Reckless with your love
Azari & III - Reckless with your Love
"Reckless with your love / you just give it up / fearless with your life / no one can you trust."
This had been kicking around my ipod for a few months before it occurred to me that it was not an ages-old forgotten house classic, but had only dropped this year. For a song performed in the well-worn archetype of a lover wronged, and using a flawlessly derivative vocal house template, Azari & III's "Reckless with your Love" is shockingly effective and compulsively listenable. It is a sophisticated performance from a vocalist with unusually firm, even radiant self-confidence. But it's not an "I Will Survive" or a "Good Luck," because it's not explicitly about overcoming heartbreak; it's not even about the self. Instead, it's about the other person, and the realization that you don't even have to move on because, in reality, you're the one who dodged a bullet here (whether or not the singer believes himself isn't entirely clear, it should be noted). It's a really enjoyably judgmental song, unashamed in its embrace of queer aesthetics but universal in its expressions of unconcealed disdain.

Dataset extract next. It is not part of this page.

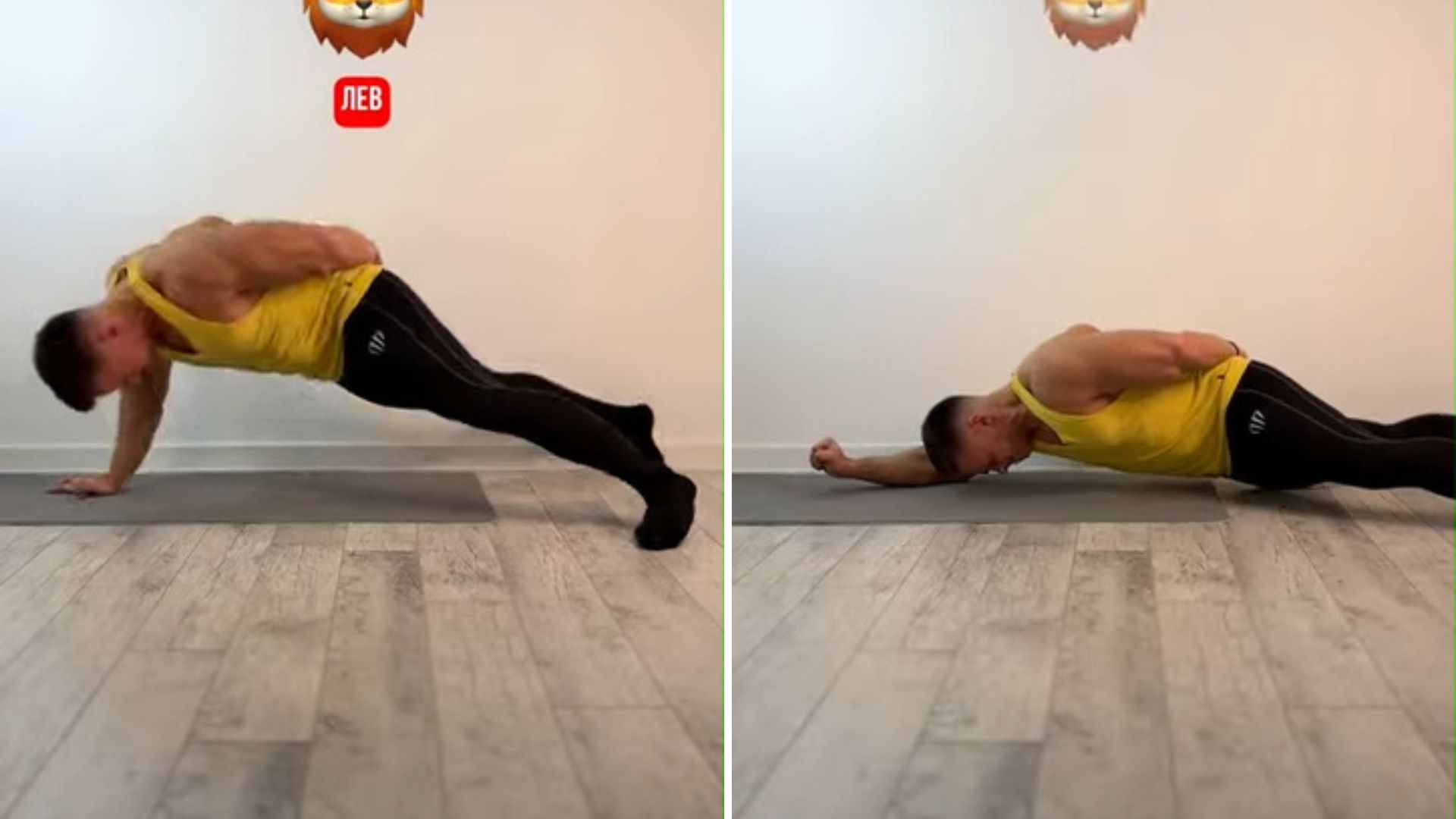 Прими положение упора лежа, широко расставив ноги. Одну руку оставь на полу, а вторую упри в бедро одноименной ноги. Стараясь не разворачиваться корпусом в сторону свободной руки, делай отжимания, касаясь грудью пола.

I also like it a lot more than the somewhat more celebrated (and perhaps musically more 'unique') "Hungry for the Power," a track that seems to imitate an outdated camp sensibility. It's also pretty good, but for some reason -- perfectly expressed by the mid-track rap that dates it almost immediately -- its cheesiness feels like a revivalist's dry performance of cheese. The feeling just isn't there; instead we're left to admire the accuracy and, one suspects, laugh at its source material. Its conflation of 'love' and 'power' is also too generic to feel particularly real, leaving the listener wanting more in the way of specifics. Without details -- how this 'power' is expressed -- it lacks personality.
And personality is ultimately what makes "Reckless" feel so timeless; the singer is precise in his judgment and confident in his resolve ("I get stronger every day") so it feels empowering without even a hint of corny, self-conscious sloganeering. Of course, the track would be unbearable if it didn't feel some sympathy for its subject. The singer's final judgment isn't really all that damning, his subject only guilty of loving people a little bit too readily. When you're the object of that kind of affection, who's gonna say no? This kind of cognitive dissonance perfectly describes my relationship with the song, which should be disdain for its dry revivalism, and is instead reckless attraction.